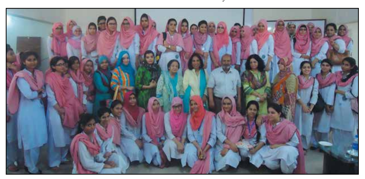
Awareness Seminar at Jinnah University for Women, Karachi
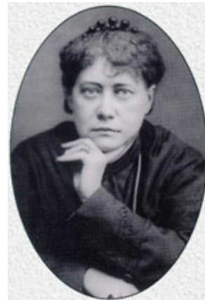
Helena Petrovna Blavatsky

It is a striking thought that in her death and commemoration request, as in her life, HPB asked nothing for herself except that the work to which her life had been dedicated, should continue. Keep the link unbroken , was how she expressed it.
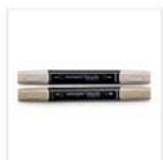
Crumb Cake Stampin' Blends Markers Combo Pack 144601
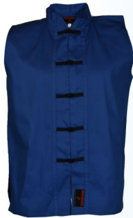
Art No#: 1100-BLB
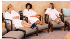
VITALITY AT SEA SPA AND FITNESS CENTER
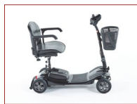
Long floor pan
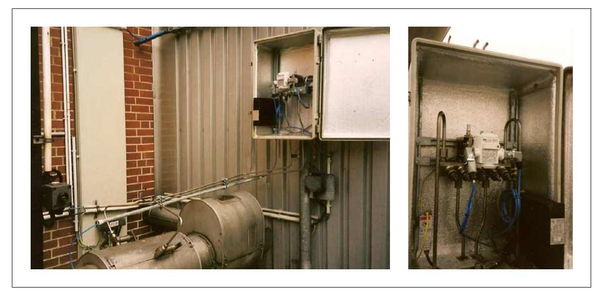
Fig. 2-1: Example of a set up measuring point

The differential pressure and absolute pressure are directly measured by the transmitter, whereas a Pt100 temperature sensor must be connected to the multivariable transmitter for the process temperature measurement. The necessary terminals are provided in the device's terminal compartment in addition to the signal and power supply terminals.
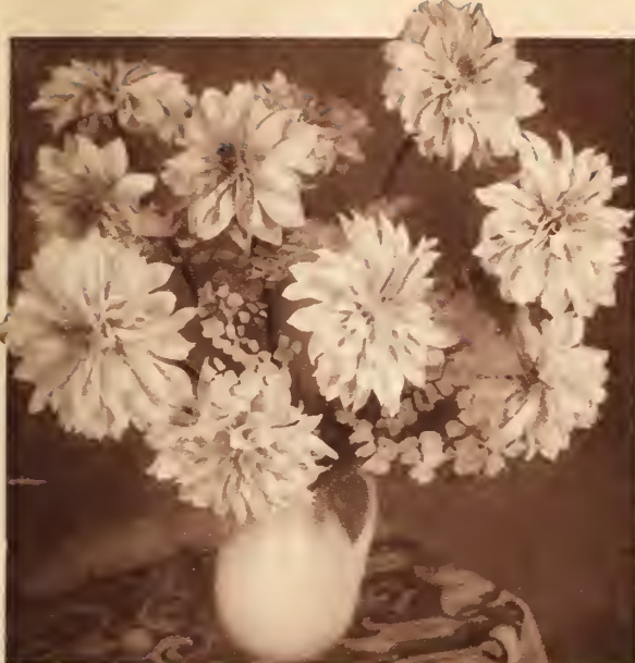
Beautiful bouquet of the giant variety „Amun Ra“
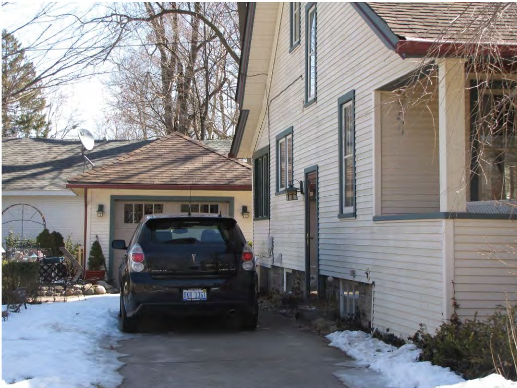
Linden 118, Garage_Looking East
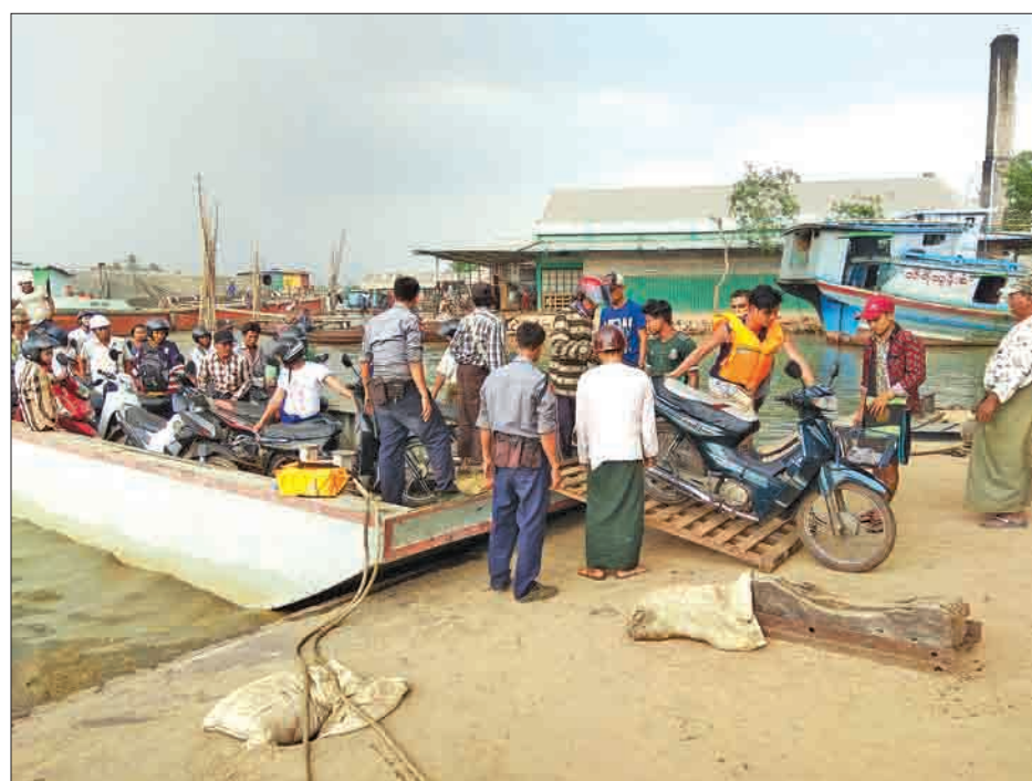
Free ferry service is operating for the travellers after Myaungmya suspension bridge collapse aiming not to delay the flow of commodities and transportation access.
□ □ □
_Problem requirements_:
Each entry should be copied exactly as written, though any pictures stay out.

_Exercise result_:
Awareness Seminar at Jinnah University for Women, Karachi
Helena Petrovna Blavatsky

It is a striking thought that in her death and commemoration request, as in her life, HPB asked nothing for herself except that the work to which her life had been dedicated, should continue. Keep the link unbroken , was how she expressed it.
Crumb Cake Stampin' Blends Markers Combo Pack 144601
Art No#: 1100-BLB
VITALITY AT SEA SPA AND FITNESS CENTER
Long floor pan
Fig. 2-1: Example of a set up measuring point

The differential pressure and absolute pressure are directly measured by the transmitter, whereas a Pt100 temperature sensor must be connected to the multivariable transmitter for the process temperature measurement. The necessary terminals are provided in the device's terminal compartment in addition to the signal and power supply terminals.
Beautiful bouquet of the giant variety „Amun Ra“
Linden 118, Garage_Looking East
Free ferry service is operating for the travellers after Myaungmya suspension bridge collapse aiming not to delay the flow of commodities and transportation access.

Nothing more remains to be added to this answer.